Re: [PATCH] user_events: Enable user processes to create and write to trace events
From: Beau Belgrave
Date: Thu Oct 07 2021 - 12:22:11 EST
On Thu, Oct 07, 2021 at 11:17:38PM +0900, Masami Hiramatsu wrote:
> > > > Psuedo code example of typical usage:
> > > > page_fd = open("user_events_mmap", O_RDWR);
> > > > page_data = mmap(NULL, PAGE_SIZE, PROT_READ, MAP_SHARED, page_fd, 0);
> > > >
> > > > data_fd = open("user_events_data", O_RDWR);
> > > > data_id = ioctl(data_fd, DIAG_IOCSREG, "test");
> > >
> > > Hmm, if the data_id is same as the ID in events/*/*/format, it will
> > > be queried by libtraceevent or libftrace, isn't it?
> > > And also, if you can define the user-event via dynamic_event interface,
> > > it should be used instead of using ioctl on data channel.
> > >
> > These will not be the same ID. The data_id will be the offset within a
> > page to check for status. We don't want to give user mode processes
> > access to the entire tracefs, so we are isolating to a few files that
> > will get wider access.
>
> OK, but how to query the id of the event which has been made
> from writing dynamic_events file? (maybe query from name by
> ioctl?)
>
Yes, you can either do ioctl or with the v2 patch you can now just cat
user_events_status as you indicated previously to do :)
> > We still require the ioctl to register and cannot bet solely on
> > dynamic_events. We want a fast way to register events on process startup
> > and get the data_id back as fast as possible.
>
> What about using ioctl on 'user_event_status' file?
> But in this case, the name is not showing the function.
>
> Then, what about renaming it as simply 'user_events'? :)
> This file will show the current user events as similar to synth_events,
> in addition, it will show the current status in "# comment".
>
> $ echo "user1 u32 arg1; u64 arg2" > user_events
> $ cat user_events
> user1 u32 arg1; u64 arg2
> $ echo 1 > events/user_events/user1/enable
> $ cat user_events
> user1 u32 arg1; u64 arg2 # Used by ftrace
>
> In addition,
> - user-process can do ioctl() to query offset instead of id from name.
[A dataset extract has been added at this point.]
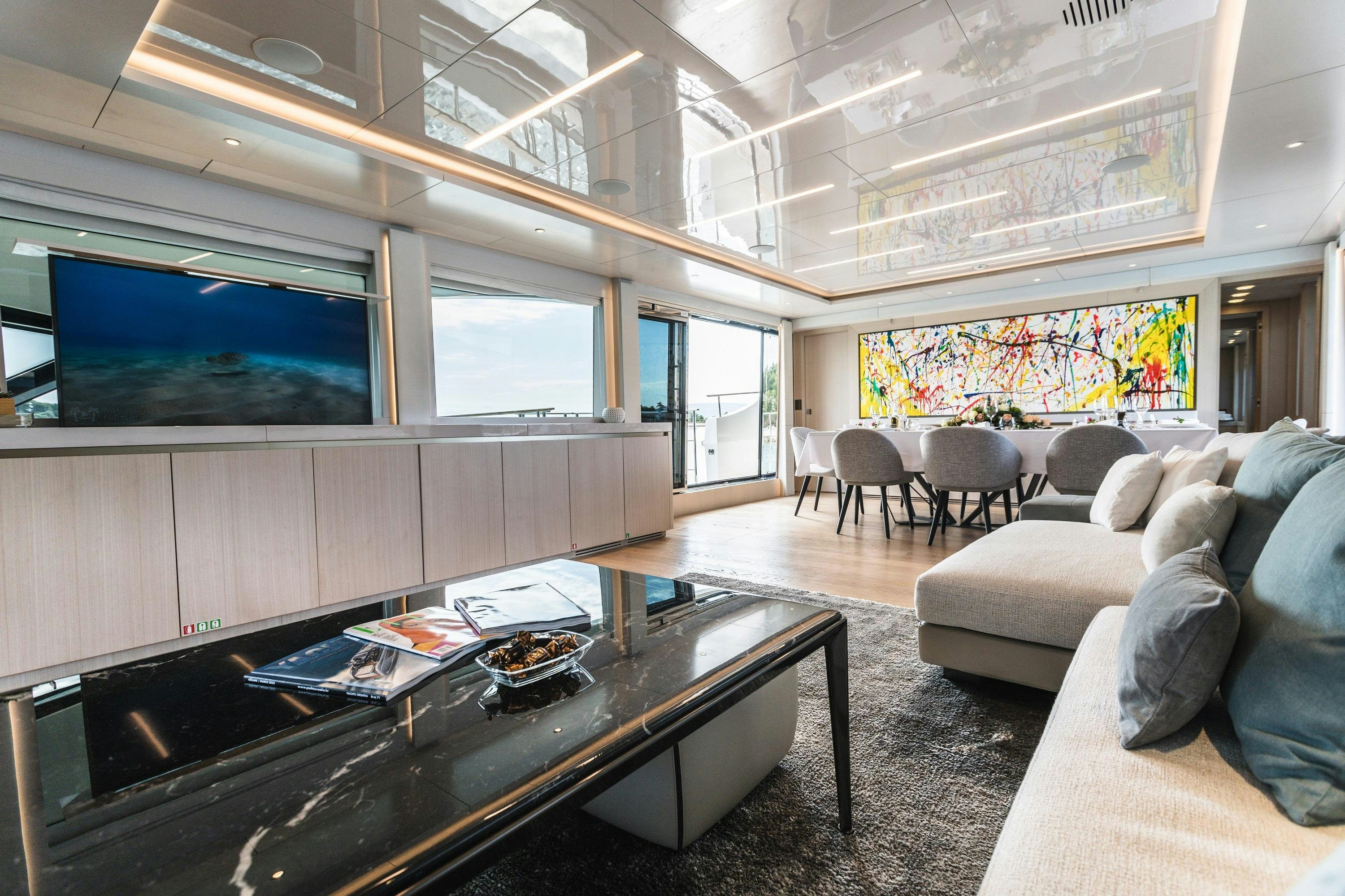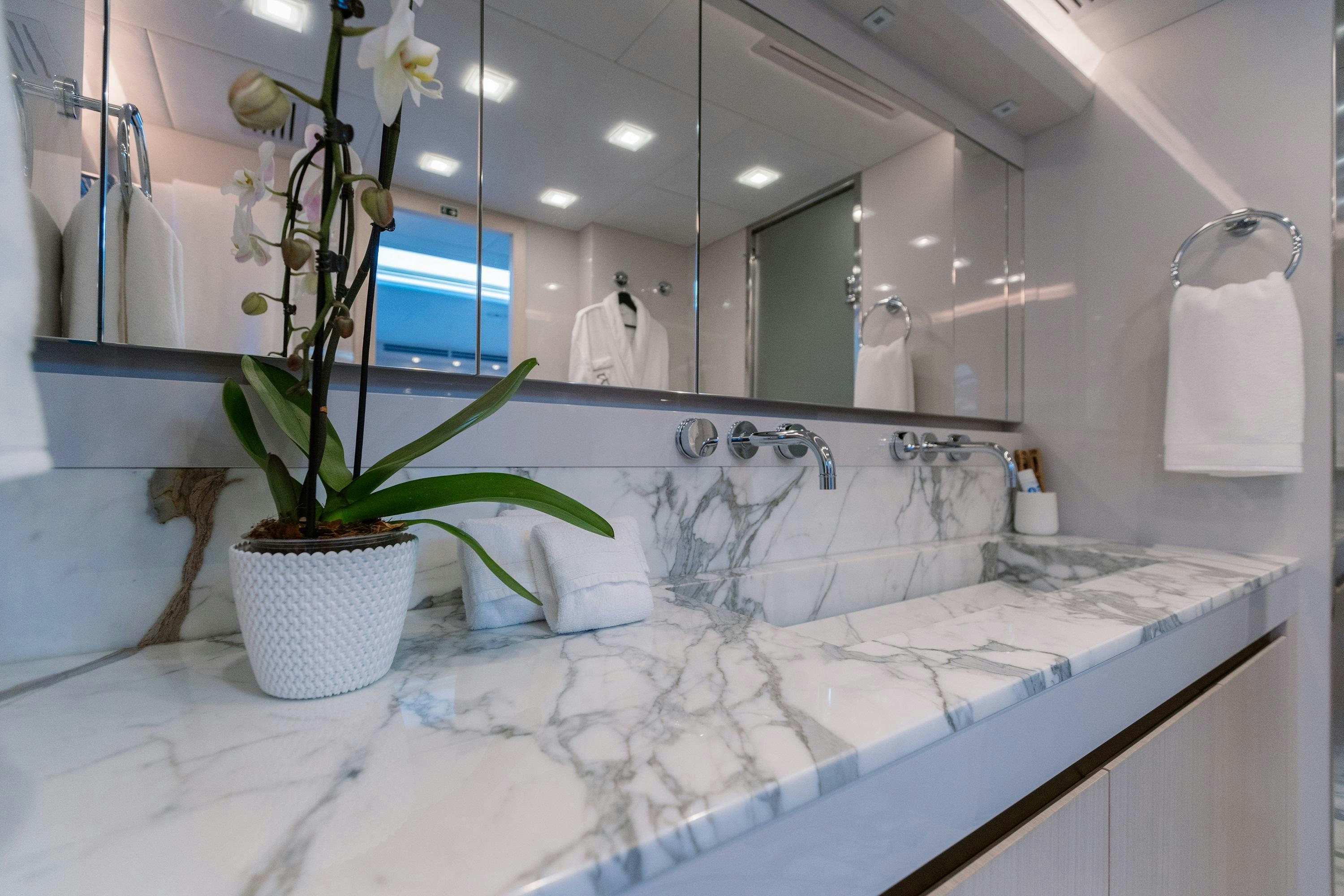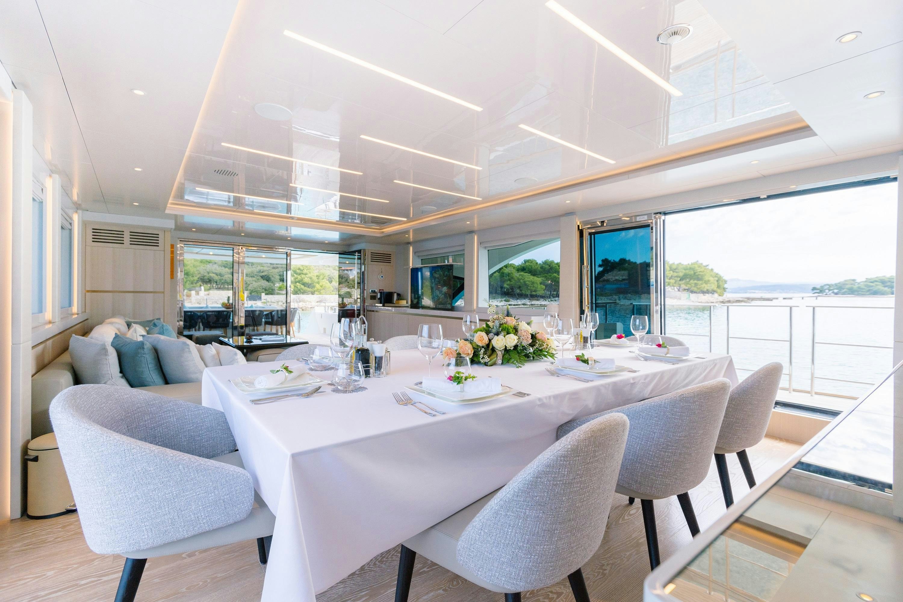 The interior of ROCCO is classy and modern with décor from Nuvolari Lenard. Her main salon spotlights breathtaking marble, wooden floors and leather seating (only the bean bags are in leather) for maximum comfort. From a plush L-shaped sofa to bean bags, ROCCO attends all guest desires, be they for family-friendly purposes or socializing with friends. It offers a large pop-up flatscreen TV, a coffee table, spaces for socializing, a formal dining area and large windows for natural light. Here, guests can take to the fold-down balconies for a breath of fresh air with drinks in hand. Beautiful fabrics interweave throughout the entirety of her layout, showcasing soft tones of blue and grey.

> - user-process can do mmap() the file to monitor the status.
>
Please see v2 patch, I do this pattern except it's '(Used by ftrace)'
instead of '# Used by ftrace'.
Format is id:name status
> > The other thing is we need ref counting to know if the event is busy.
> > Having the ID in the packet avoids having a fd per-event, but it also
> > makes ref counting process lifetime of each event quite hard.
>
> Hmm, I don't think so. You can use an array of the pointer to
> events on the private data of the struct file.
> When you add (or start using) an event (this is identified by ioctl),
> you can increment the event refcount and add it to the array.
> When the file is closed (in exiting process), it will loop on the
> array and decrement the refcount for each event.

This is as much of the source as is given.